Hale, Artemas
Born: 1783-10-20 Winchendon, Massachusetts
Died: 1882-08-03 Bridgewater, Massachusetts
Artemas Hale was a schoolteacher, manufacturer, state legislator, and U.S. representative. Hale received a limited education in his native Winchendon, Massachusetts, spending his early years working on the family farm. From 1804 to 1814, he taught school in Hingham, Massachusetts. He married Deborah Lincoln in 1815, with whom he had three children. The couple settled in Bridgewater, Massachusetts, where Artemas became involved in the manufacture of cotton gins and local politics. A Whig, he served in the Massachusetts House of Representatives in 1824, 1825, 1827, and 1828 and the Massachusetts Senate in 1833 and 1834. Hale returned to the House in 1838 and remained there until 1842. In 1844, he won election to the U.S. House of Representatives, serving in that body from March 1845 to March 1849. At the end of term, he returned to Bridgewater, where he engaged in agriculture. Hale was a delegate to the Massachusetts state constitutional convention in 1853. In 1850, he was farming and owned real property valued at $13,000. In 1860, Hale was operating a large farm operation and owned real property valued at $12,500 and had a personal estate of $35,000. He was a presidential elector for Abraham Lincoln in 1864.

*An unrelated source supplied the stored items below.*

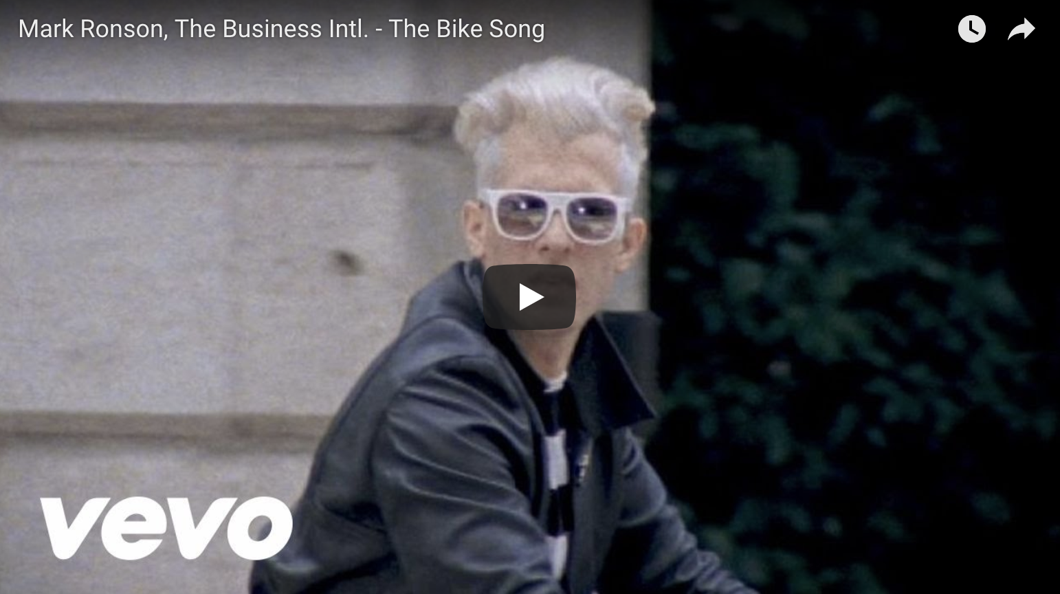 De video toont in het begin een soort Brompton, omgetoverd tot een Kit op twee wielen, maar dan zonder Knight Rider David Hasselhof, maar op het zadel Amy Winehouse-producer en alleskunner Mark Ronson. ‘Refrein: Gonna ride my bike until I get home.’ In de video zorgen alle fietsen ervoor dat een gestolen fiets terugkeert naar de rechtmatige eigenaar. Het liedje is leuker dan de clip.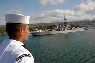 Keywords: US Navy 030426-N-9228K-084 A Sailor aboard USS Abraham Lincoln (CVN 72) prepares to render honors to USS Missouri (BB 63) while manning the rails during their recent port visit to Pearl Harbor.jpg en Pearl Harbor Hawaii Apr 26 2003 -- A Sailor aboard USS Abraham Lincoln CVN 72 prepares to render honors to USS Missouri BB 63 while manning the rails during their recent port visit to Pearl Harbor Lincoln and Carrier Air Wing Fourteen CVW-14 are returning home from their deployment of nearly 10 months at sea in support of Operation Iraqi Freedom Operation Iraqi Freedom is the multi-national coalition effort to liberate the Iraqi people eliminate Iraq s weapons of mass destruction and end the regime of Saddam Hussein U S Navy photo by Photographer's Mate 3rd Class Michael S Kelly RELEASED 2003-04-26 030426-N-9228K-084 Navy http //www navy mil/view_image asp id 7058 U S Navy photo by Photographer's Mate 3rd Class Michael S Kelly PD-USGov-Military-Navy Battleship Missouri Memorial Manning the rail in the United States Navy Sailor caps of the United States Navy |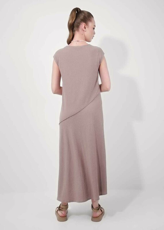Платье без рукавов из фактурного трикотажного полотна джерси,свободного силуэта. Округлая горловина, по горловине и пройме внутренняя окантовка. По переду и спинке фигурные резы, швы наружные - широкий оверлок.

Biographical Directory of the American Congress 1774-1996 (Alexandria, VA: CQ Staff Directories, 1997), 1139; Nahum Mitchell, History of the Early Settlement of Bridgewater, in Plymouth County, Massachusetts (Boston: Kidder & Wright, 1840), 169; U.S. Census Office, Seventh Census of the United States (1850), Bridgewater, Plymouth County, IL, 15; U.S. Census Office, Eighth Census of the United States (1860), Bridgewater, Plymouth County, IL, 281, Gravestone, Mount Prospect Cemetery, Bridgewater, MA.